Keynote speeches: This type of speech varies on the occasion and your role as the speaker. If you’re trying to reproduce a TEDx talk, keep it to around 18 minutes (TED’s upper limit). If you’re the main speaker for a conference (like the opener or closer), you could be expected to speak anywhere from 20 minutes to 45 minutes or even an hour. Once again, it’s OK to err on the shorter side so that your audience doesn’t tune you out.

Plan for fewer words per minute for time for technical delays, Q&A, needing to elaborate on parts, impromptu ideas

Rather than plan for the maximum amount of words per minute in a speech, start with a lower amount or fewer number of minutes and account for time for inevitable interruptions.

Condense multiple words with similar meanings into one or two words that mean the same thing:

Speechwriters love repetition–it helps the audience keep track of where they are and it helps with rhythm. Notice how many times words or phrases are used in multiples of three. However, if you need to reduce your word count in a speech, you can take lists of three words and condense them into one. You may need to sacrifice rhythm for brevity at times.
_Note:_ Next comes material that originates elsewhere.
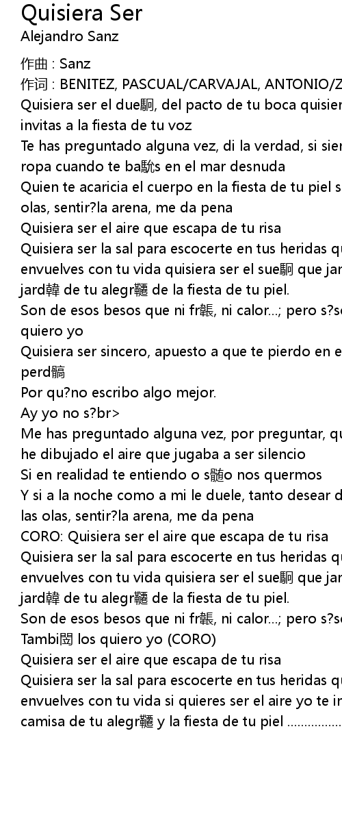 | Quisiera ser la sal para escocerte en tus heridas quisiera ser la sangre que envuelves con tu vida si quieres ser el aire yo te invito ni yǔn a mi camisa, mi camisa de tu alegr qiān y la fiesta de tu piel ........................... CORO |

You don’t have to cut out each three-word series–leave the best ones at the beginning and end of your speech.

Next Steps for Getting Your Speech’s Word Count Correct:

For your next speech or presentation, set a goal the next time you write to limit yourself to a certain number of words or to hit a minimum threshold depending on the situation.

Try writing your presentation in different lengths if you have ample latitude–what is the 3-minute speech vs. 10 minute speech version?

Use speech word counts as a guide and you’ll hit your mark each time.